Bu türden okuyucular ayrık otlarından da pek hoşlanmıyorlar ve onların bu duygularını anlamak hiç de zor değil. Tam her yönüyle sizi tatmin ve teçhiz eden bir gönüllü endoktrinasyon seansının ortasındayken, çizginin dışına çıkan ‘abes’ bir yazının gözünüze sokulması gerçekten de hoş değil. Gazetelere tavsiyem eğer bu tür yazarları varsa onları olabildiğince okuyucudan gizlemeleridir. Çünkü maazallah o kadar çaba üç-beş aykırı cümlenin yapay parıltısı altında kaynayıp gidebilir ve daha da kötüsü okuyucunun zihninde ‘garip’ soru işaretleri yaratabilir. Söz konusu ‘abes’ yazıların en önemli özelliği ele aldıkları olaya mesafe almaları ve olayın bütünlüğünü gözden kaçırmamalarıdır. Onca hararetli bıçak bileyleme yazısının yanında bunlardan bir tane bile olsa soğuk duş etkisi yaratır ve işin tadını kaçırır. Bu yazılarda ‘gerçekten de ne oluyor?’ sorusu merkeze oturtulmakla kalınmaz, insanı bunaltacak bir ısrarcılıkla ille de bu noktanın önemli olduğu vurgulanmaya çalışılır.
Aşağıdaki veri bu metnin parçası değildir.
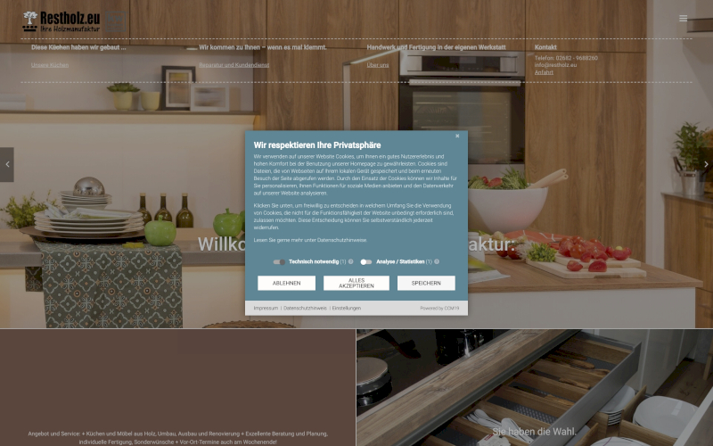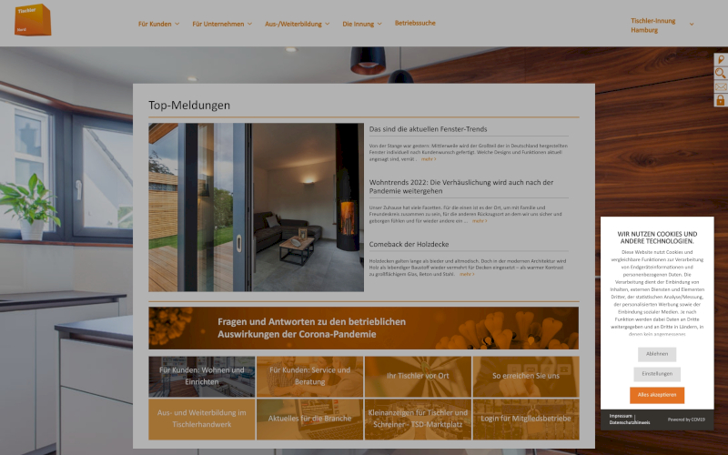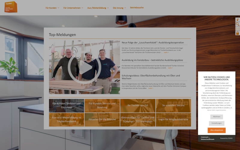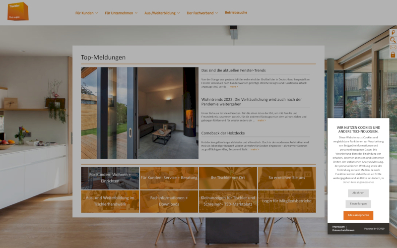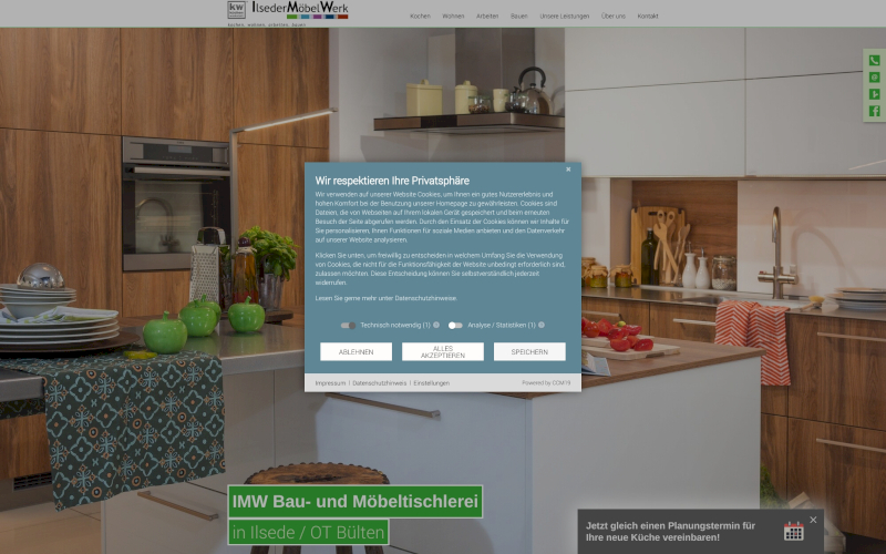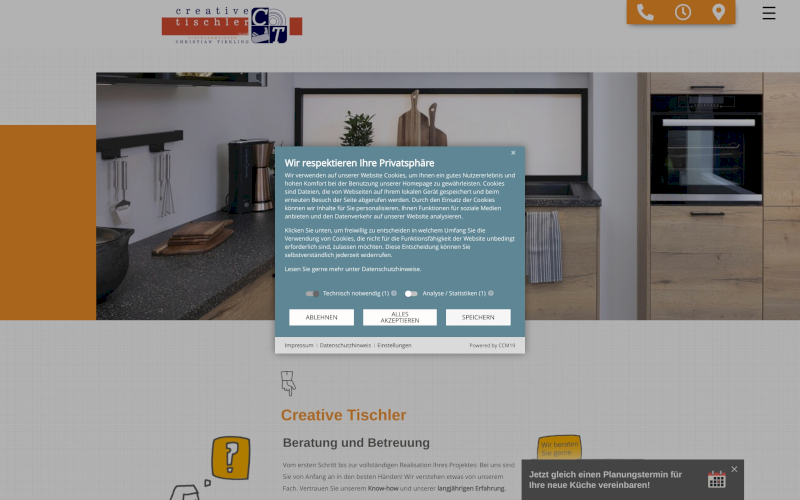 Das Herzstück von CCM19 für Ihre Bautischler Webseite, Onlineshop oder sonstige Applikation - der Cookie Banner für Bautischler. Mit diesem Banner realisieren Sie auf Ihrer Webseite die notwendige Zustimmung zum Setzen von diversen Cookies und zum ausführen von (Tracking)Skripten.

Oysa okuyucuların çoğu için tabii ki bu bir abesle iştigaldir. İhtiyacımız, içinde olduğumuz saflaşmanın ortak duruşunu tahkim edecek olan o günkü mühimmatın tarafımıza açıklıkla ve kullanılabilir hale getirilerek sunulmasından ibarettir.
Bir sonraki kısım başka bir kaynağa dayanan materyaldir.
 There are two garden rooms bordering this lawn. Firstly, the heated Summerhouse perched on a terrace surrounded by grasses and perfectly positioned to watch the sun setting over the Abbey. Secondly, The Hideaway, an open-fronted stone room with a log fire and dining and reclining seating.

Gazetelerin en iyi yazarları bu işi aksatmadan ve daha da iyisi çıta yükselterek yapanlarıdır. Her gazete bu yazarlarını sayfaların tepesine oturtur, ön sayfadan anonsunu yapar ve okuyucuya kimi okuması gerektiği konusunda çok kıymetli bir rehberlik sunar. O yazarlar da bu iltifattan memnun olurlar ve kendilerini ifade ederken daha da cesaret kazanırlar. İşte bu cesaretin en önemli tarafı ‘abes’ yazarların yaptığının tersini yapmanın giderek normalleşmesidir. Yani yaşananlara mesafe alma ve olaylara bütünlüğü içinde bakma kaygısı iyice anlamsızlaşır. Yazarlar freni patlamış kamyonlar gibi hareket etmeye başlarlar. Herhalde kendi durumlarının da son derece farkında olmalılardır, çünkü aynen bilinçli psikologlar gibi, kendi yaptıklarını başka aktörlere yükleme konusunda olabildiğince maharet sergilerler.
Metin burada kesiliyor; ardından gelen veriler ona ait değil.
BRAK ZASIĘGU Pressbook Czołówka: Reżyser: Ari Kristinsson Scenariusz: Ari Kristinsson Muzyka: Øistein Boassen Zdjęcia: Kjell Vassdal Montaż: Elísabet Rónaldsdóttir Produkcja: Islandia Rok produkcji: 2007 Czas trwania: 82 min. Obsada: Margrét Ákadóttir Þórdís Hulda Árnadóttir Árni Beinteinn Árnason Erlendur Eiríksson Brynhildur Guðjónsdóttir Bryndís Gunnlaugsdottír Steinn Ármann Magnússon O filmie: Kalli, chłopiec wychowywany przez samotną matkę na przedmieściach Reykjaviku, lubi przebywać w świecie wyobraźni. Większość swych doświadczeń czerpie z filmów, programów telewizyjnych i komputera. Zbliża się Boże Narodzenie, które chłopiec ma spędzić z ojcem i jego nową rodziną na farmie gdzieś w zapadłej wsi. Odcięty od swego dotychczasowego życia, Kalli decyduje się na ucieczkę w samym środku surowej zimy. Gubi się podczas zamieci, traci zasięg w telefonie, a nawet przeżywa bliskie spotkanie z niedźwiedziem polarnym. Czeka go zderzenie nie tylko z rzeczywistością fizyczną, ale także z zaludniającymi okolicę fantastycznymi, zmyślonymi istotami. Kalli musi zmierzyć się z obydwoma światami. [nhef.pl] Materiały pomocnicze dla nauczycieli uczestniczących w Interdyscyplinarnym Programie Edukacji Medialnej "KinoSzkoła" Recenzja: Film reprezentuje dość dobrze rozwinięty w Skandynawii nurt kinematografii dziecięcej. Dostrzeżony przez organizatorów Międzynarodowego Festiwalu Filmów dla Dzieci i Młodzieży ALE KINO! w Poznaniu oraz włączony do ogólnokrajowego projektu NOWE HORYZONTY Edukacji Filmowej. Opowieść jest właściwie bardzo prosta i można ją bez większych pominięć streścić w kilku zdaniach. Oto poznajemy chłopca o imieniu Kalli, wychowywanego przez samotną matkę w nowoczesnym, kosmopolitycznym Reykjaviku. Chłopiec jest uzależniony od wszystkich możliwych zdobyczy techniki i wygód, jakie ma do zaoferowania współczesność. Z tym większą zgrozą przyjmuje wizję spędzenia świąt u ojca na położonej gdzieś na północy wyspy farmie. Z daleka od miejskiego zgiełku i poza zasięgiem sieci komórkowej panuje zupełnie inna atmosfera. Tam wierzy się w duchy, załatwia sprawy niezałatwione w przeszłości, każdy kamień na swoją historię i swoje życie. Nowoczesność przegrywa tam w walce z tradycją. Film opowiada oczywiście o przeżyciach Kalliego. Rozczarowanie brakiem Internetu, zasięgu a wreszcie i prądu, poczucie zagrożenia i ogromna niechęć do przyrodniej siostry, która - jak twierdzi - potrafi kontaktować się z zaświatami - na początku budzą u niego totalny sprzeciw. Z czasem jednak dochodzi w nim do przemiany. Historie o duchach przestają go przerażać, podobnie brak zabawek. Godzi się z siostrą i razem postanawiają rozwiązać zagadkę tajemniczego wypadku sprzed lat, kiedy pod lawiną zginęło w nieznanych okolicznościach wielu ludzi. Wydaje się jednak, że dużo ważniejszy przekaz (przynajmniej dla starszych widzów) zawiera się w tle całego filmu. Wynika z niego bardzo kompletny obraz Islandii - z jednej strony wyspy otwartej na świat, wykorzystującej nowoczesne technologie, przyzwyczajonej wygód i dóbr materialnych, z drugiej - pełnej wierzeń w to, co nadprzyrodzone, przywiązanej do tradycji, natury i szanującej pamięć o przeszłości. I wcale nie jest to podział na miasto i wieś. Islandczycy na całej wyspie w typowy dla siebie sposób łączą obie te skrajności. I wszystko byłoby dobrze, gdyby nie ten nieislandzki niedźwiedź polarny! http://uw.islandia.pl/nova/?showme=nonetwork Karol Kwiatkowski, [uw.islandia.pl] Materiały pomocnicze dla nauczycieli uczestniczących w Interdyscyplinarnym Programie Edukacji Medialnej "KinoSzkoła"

Misal, ‘bizim’ cenahtaki şu ‘freni patlamış kamyon’ benzetmesini düşünelim. Hükümetin bu halde olduğu belli... Ama yargı adına davrananların da aynı durumda olduklarını görmek çok mu zor? Ya da ‘kuvvetler ayrılığı’ muhakemesini ele alalım. Bunun bir denge/fren sistemi olduğu ve karşılıklılık ilkesi içinde hayata geçmesi gerektiği sıkça vurgulanıyor. Ardından da yargının yürütme ve yasama üzerinde fren olmasının altı çiziliyor. İyi de, yasamanın da yargı üzerinde fren olması doğal değil mi? Hele yargı mensuplarının halk tarafından seçilmediği, ama yasamanın serbest seçimlerle oluştuğu bir ülkede… Popüler tezlerimizden biri de yargı bağımsızlığına ilişkin. Bu konuları yazan makbul yazarların hiçbirinin ‘meşruiyet’ kavramından söz etmemesi ilginç bir ‘tesadüf’. Çünkü bir ‘demokratik hukuk devletinde’ her şeyin olduğu gibi, yargı bağımsızlığının da bir meşruiyeti olması, bu irade alanının belirli bir zemine oturtulması lazım… Herkesin bildiği üzere bunun koşulu da yargının tarafsız olması. Nitekim yargı mensuplarının yasama tarafından seçiminin de altında bu meşruiyet arayışı yatıyor. Ne var ki okuyucunun aradığı sakinleştirici (yoksa uyuşturucu mu demeliydi?) dozu vermekle kendisini mükellef addeden yazarların böyle kaygıları olmuyor. Aslında onlar işlerini yapıyorlar ve eminim okuyucunun ‘Allah hepinizden ayrı ayrı razı olsun’ temennisi ile de fazlasıyla iktifa ediyorlar.